##### Source data #####

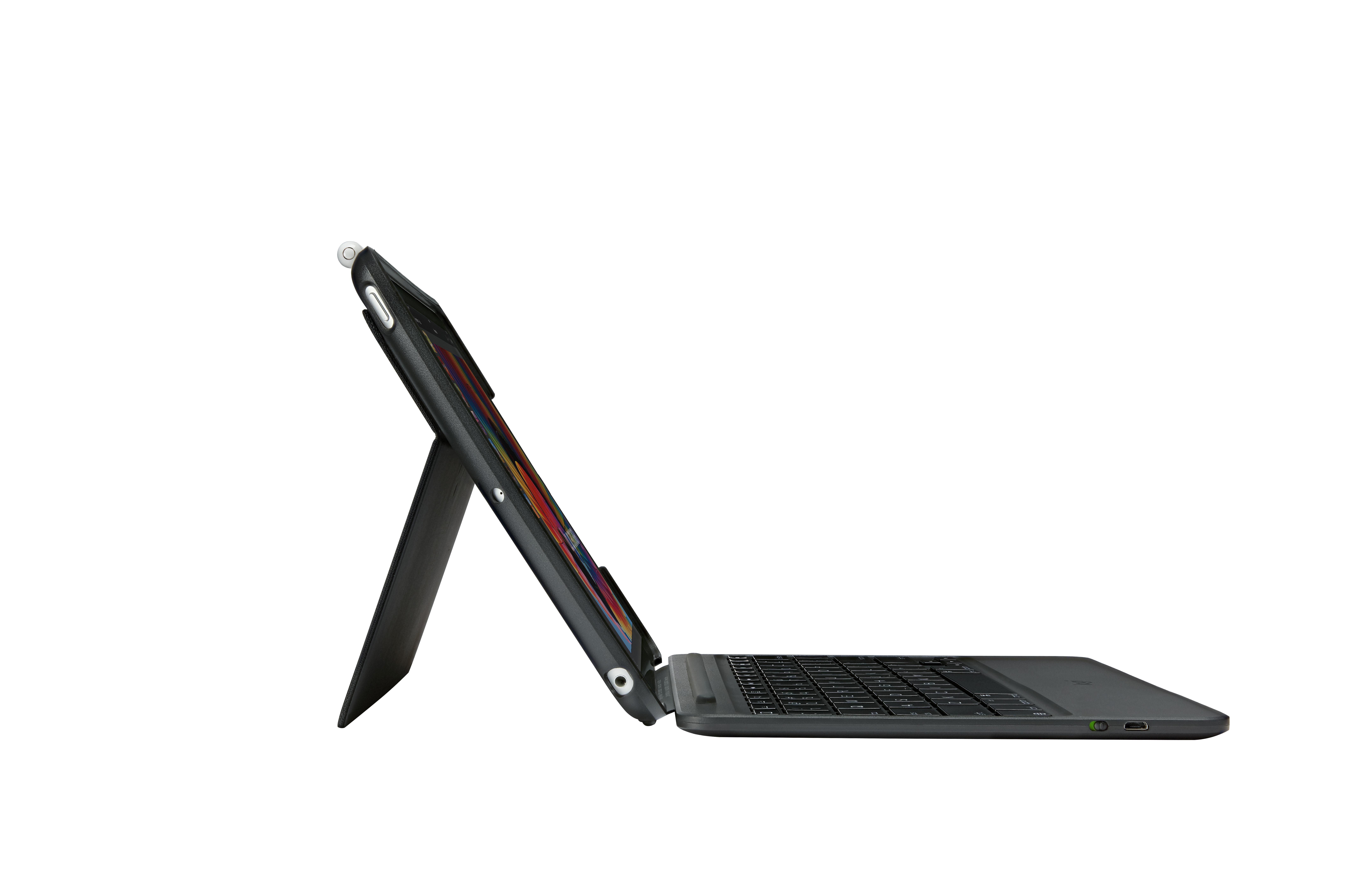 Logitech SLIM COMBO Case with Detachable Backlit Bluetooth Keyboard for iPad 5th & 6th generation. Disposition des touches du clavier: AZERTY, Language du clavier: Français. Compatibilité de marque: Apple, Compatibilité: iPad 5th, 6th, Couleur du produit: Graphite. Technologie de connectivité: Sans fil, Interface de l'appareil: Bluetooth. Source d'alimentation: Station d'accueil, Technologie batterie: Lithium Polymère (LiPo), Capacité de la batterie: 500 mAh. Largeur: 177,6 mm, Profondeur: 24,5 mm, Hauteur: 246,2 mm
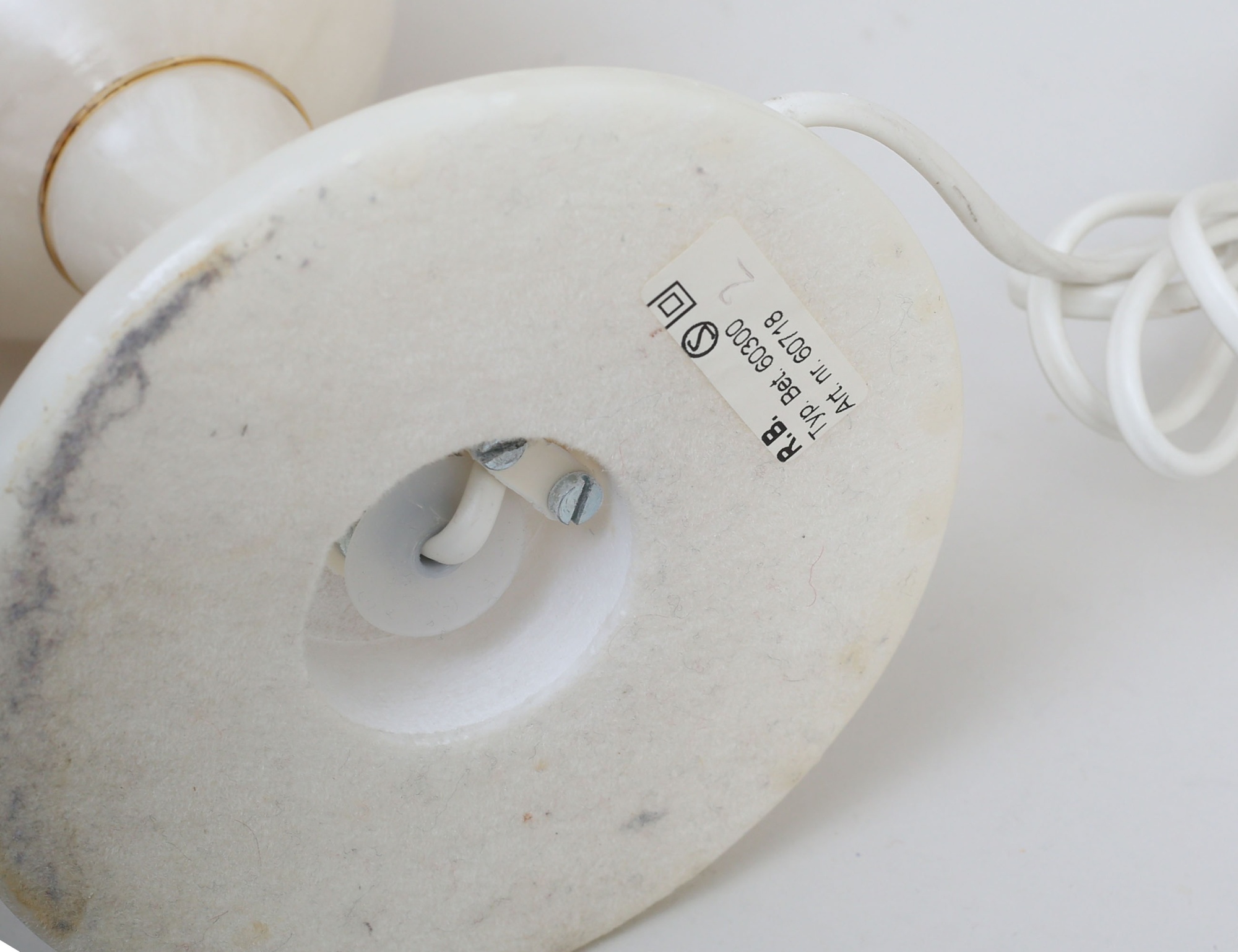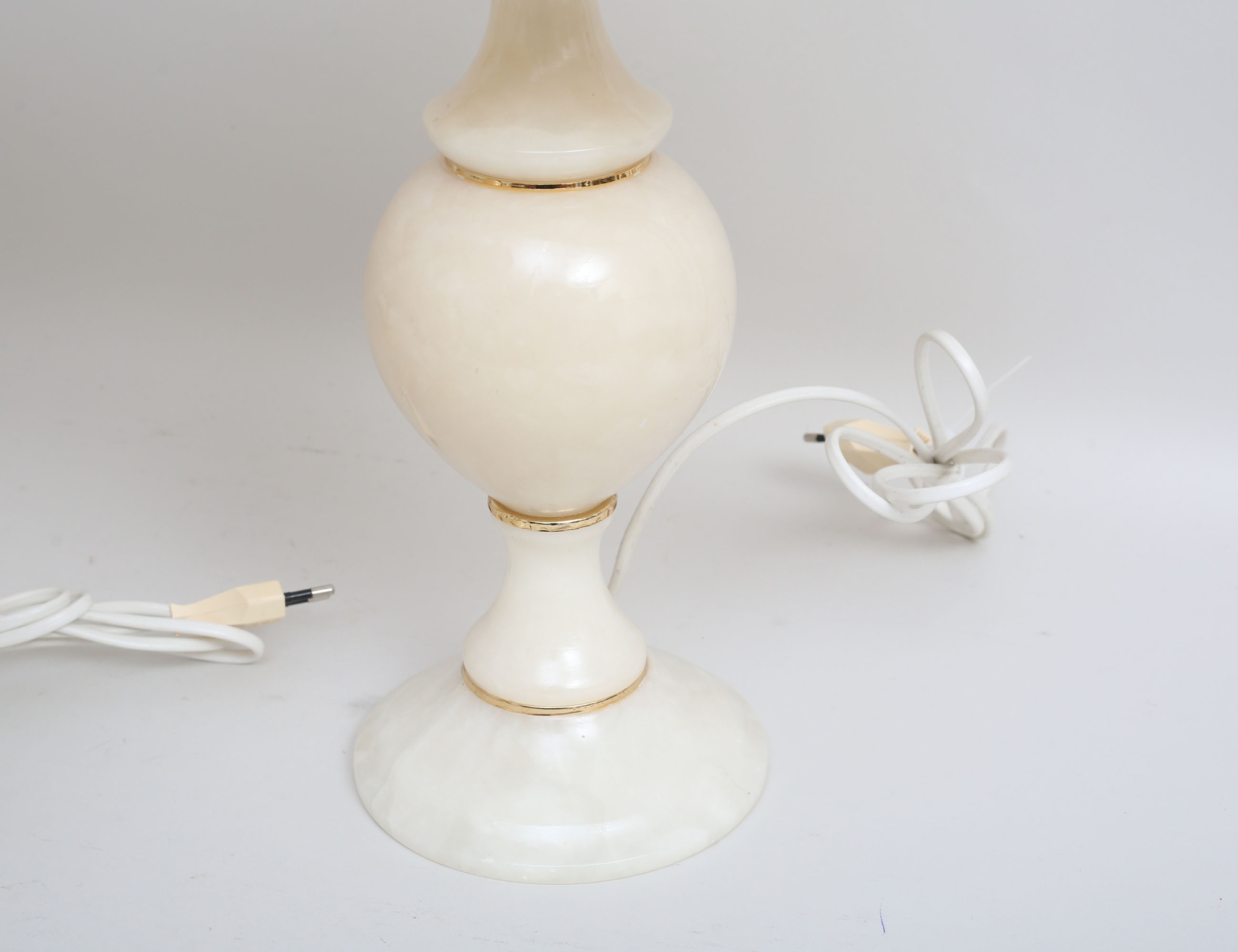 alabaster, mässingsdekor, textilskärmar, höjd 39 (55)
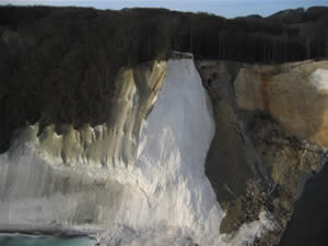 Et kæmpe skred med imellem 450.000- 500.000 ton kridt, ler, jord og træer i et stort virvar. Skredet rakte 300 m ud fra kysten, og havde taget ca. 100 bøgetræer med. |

#####

Exercise description >> Transcribe the whole listing exactly but exclude images.

Result of this exercise >>
 Logitech SLIM COMBO Case with Detachable Backlit Bluetooth Keyboard for iPad 5th & 6th generation. Disposition des touches du clavier: AZERTY, Language du clavier: Français. Compatibilité de marque: Apple, Compatibilité: iPad 5th, 6th, Couleur du produit: Graphite. Technologie de connectivité: Sans fil, Interface de l'appareil: Bluetooth. Source d'alimentation: Station d'accueil, Technologie batterie: Lithium Polymère (LiPo), Capacité de la batterie: 500 mAh. Largeur: 177,6 mm, Profondeur: 24,5 mm, Hauteur: 246,2 mm
 alabaster, mässingsdekor, textilskärmar, höjd 39 (55)
 Et kæmpe skred med imellem 450.000- 500.000 ton kridt, ler, jord og træer i et stort virvar. Skredet rakte 300 m ud fra kysten, og havde taget ca. 100 bøgetræer med. |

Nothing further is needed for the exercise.